Will Hong Kong LGBTQ community ever have its own Angela Ponce or Jenna Talackova?
- Ponce’s presence in the Miss Universe pageant shows just how far LGBTQ rights have come since 2012, when the organisers stopped barring transgender people
- Her success should inspire Hong Kong’s transgender women to step up and compete in high-profile pageants

On December 16, Ms Ponce, a transgender woman who won Miss Spain, set a global precedent by competing for the Miss Universe pageant in Bangkok. As a human rights activist who supports LGBTQ rights in Hong Kong, I wonder when Hong Kong’s transgender women will ever win similar acclaim and recognition.
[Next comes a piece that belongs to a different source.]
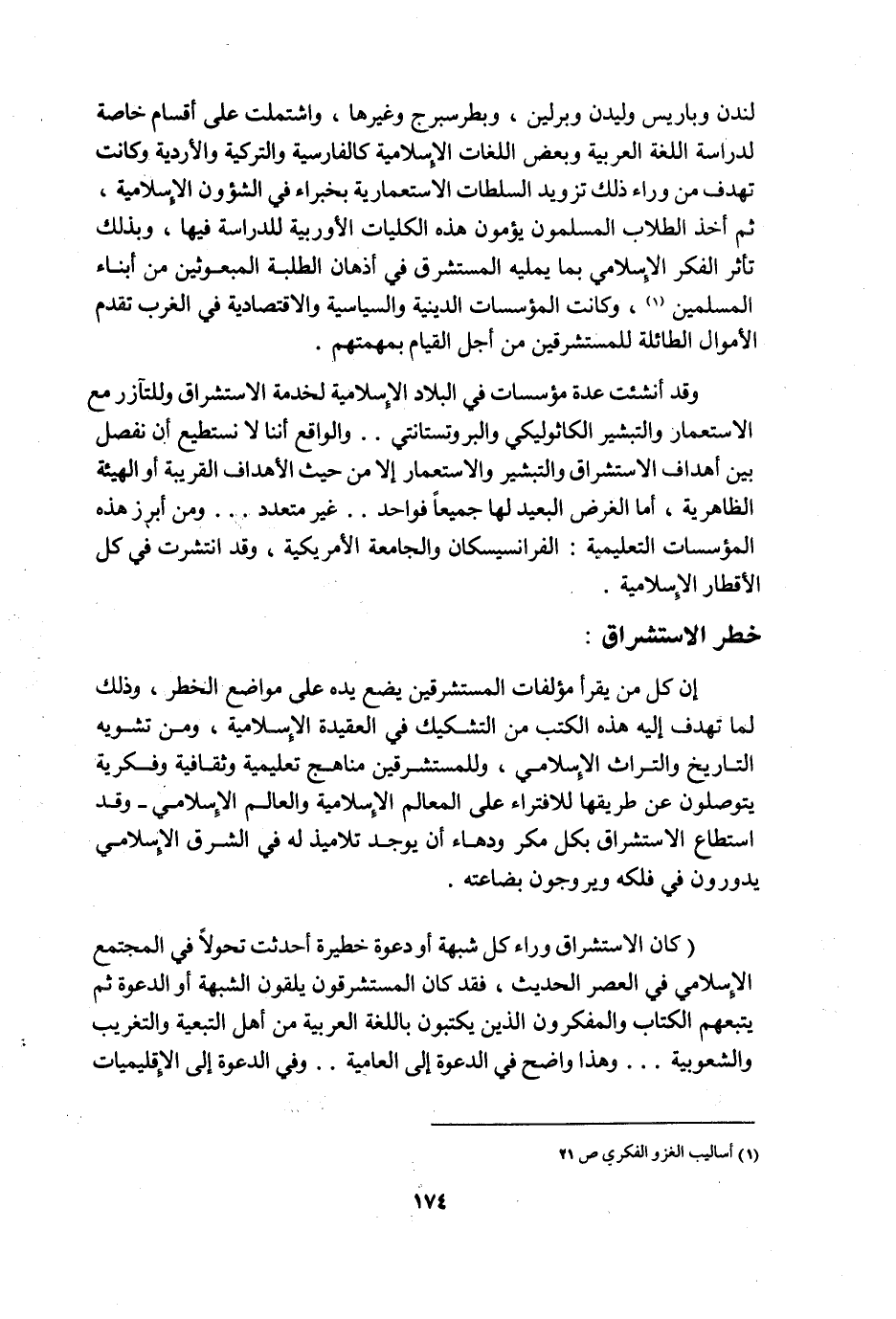 إن كل من يقرأ مؤلفات المستشرقين يضع يده على مواضع الخطر، وذلك لما تهدف إليه هذه الكتب من التشكيك في العقيدة الإسلامية، ومن تشويه التاريخ والتراث الإسلامي، وللمستشرقين مناهج تعليمية وثقافية وفكرية يتوصلون عن طريقها للافتراء على المعالم الإسلامية والعالم الإسلامي, وقد استطاع الاستشراق بكل مكر ودهاء أن يوجد تلاميذ له في الشرق الإسلامي يدورون في فلكه ويروجون بضاعته.

Because of Ms Talackova’s experience, I could not have expected that a transgender woman could take part in an international pageant competition just six years later. As far as I was concerned, fighting for LGBTQ rights in such a high-profile manner would draw ugly criticism, verbal assaults and perhaps familial shame due to the sexual exclusiveness exercised by worldwide Trump-like netizens, especially when LGBTQ awareness is not well-established in most populations, including Hong Kong.
Ponce emphasised that she could never have enjoyed the right to represent her country in Miss Universe if Talackova had not fought for her rights. Rome was not built in a day. More transgender women, and people recognised as LGBTQ ambassadors and activists, should step up and declare their desire to compete for pageant contests at the regional, national and even international level. In so doing, they can carry on the efforts put in by pioneers like Ponce and Talackova and champion for LGBTQ rights in the wider world.